Der Bau von Bürotürmen hat in Hamburg eine schlechte Tradition.

Warum ausgerechnet ein rot-grüner Senat mit dem Elbtower an der Spitze der Hafencity eines der höchsten Gebäude in Deutschland an die Elbe stellen wollte und das als ökologisch empfahl, lässt sich nur mit den Interessen der beteiligten Personen und dem Treiben der Investoren erklären.

Um Hochhaus und Brückenpfeiler im Elbgrund sicher zu gründen, hatten Bauingenieure Versuchsbohrungen gemacht und Versuchsfundamente in Övelgönne und am Altonaer Elbufer.
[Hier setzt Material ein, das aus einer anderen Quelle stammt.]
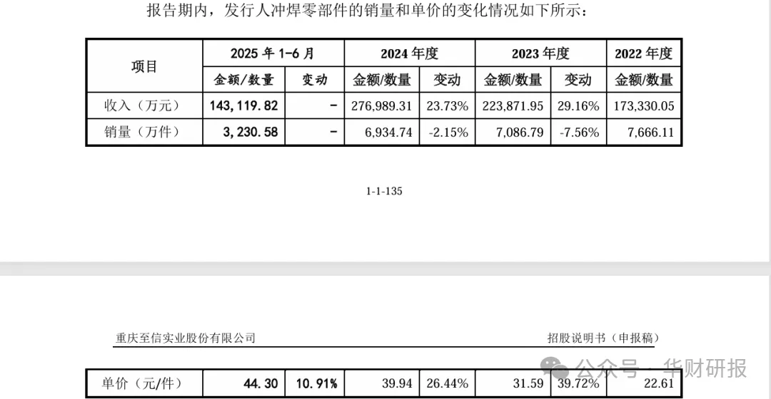 在冲焊零部件收入增长的背后,有必要特别留意一个现象——销售价格扶摇直上,销量不断走低。

Und sie machten die enttäuschende Feststellung, dass Elbgrund und Geestufer kaum tragen würden und Pfählungen bis zu dreißig Meter Tiefe erforderten.

Die Ergebnisse teilten sie 1941 Konstanty Gutschow mit, der 1938 den Wettbewerb über die Gestaltung des Elbufers gewonnen hatte und von Adolf Hitler zum „Architekt des Elbufers“ ernannt, das gesamte Ufer der Elbe von bisherigen Wohnbauten freiräumen und in ein Aufmarschgelände verwandeln sollte, das, von Wirtschaftsbauten gesäumt, zum Gauhochhaus an der Elbe neben der den Fluss überspannenden Hochbrücke führte.

Vom 60. Stockwerk des nach amerikanischen Vorbildern gestalteten Hochhauses sollte in dem mit 250 Metern Höhe alle anderen Gebäude Hamburgs überragenden Gauhochhaus Reichsstatthalter Karl Kaufmann die „Führerstadt“ Hamburg leiten.

Viel später

80 Jahre später, als Gau bereits nicht mehr einen Organisationsbezirk meinte, sondern den Größten Anzunehmenden Unfall, freuten sich drei Männer vor den Wettbewerbsmodellen, dass sie ihrem Wirken mit einem neuen Elbtower ein Denkmal setzen konnten: Der scheidende Baudirektor Jörn Walter, der die auch nach den Plänen Gutschows in die Stadt geschlagene Schneise der Ost-West-Straße am Elbufer nicht zu schließen vermocht hatte, sondern höchstens mit Bäumen zu beschmücken; Olaf Scholz, der als Erster Bürgermeister Hamburgs nur die von seinem Vorgänger Ole von Beust angefangene Elbphilharmonie teuer fertig bauen lassen konnte und Jürgen Bruns-Berentelg, der als Geschäftsführer der HafenCity Hamburg GmbH die Bauplätze der neuen Hafencity so hochpreisig verkaufte, dass die Bauten der Speicherstadt von 1888 entgegen der ursprünglichen Planung hinter den dann immer höher gebauten Büro-Gebäuden nicht mehr zu sehen sind.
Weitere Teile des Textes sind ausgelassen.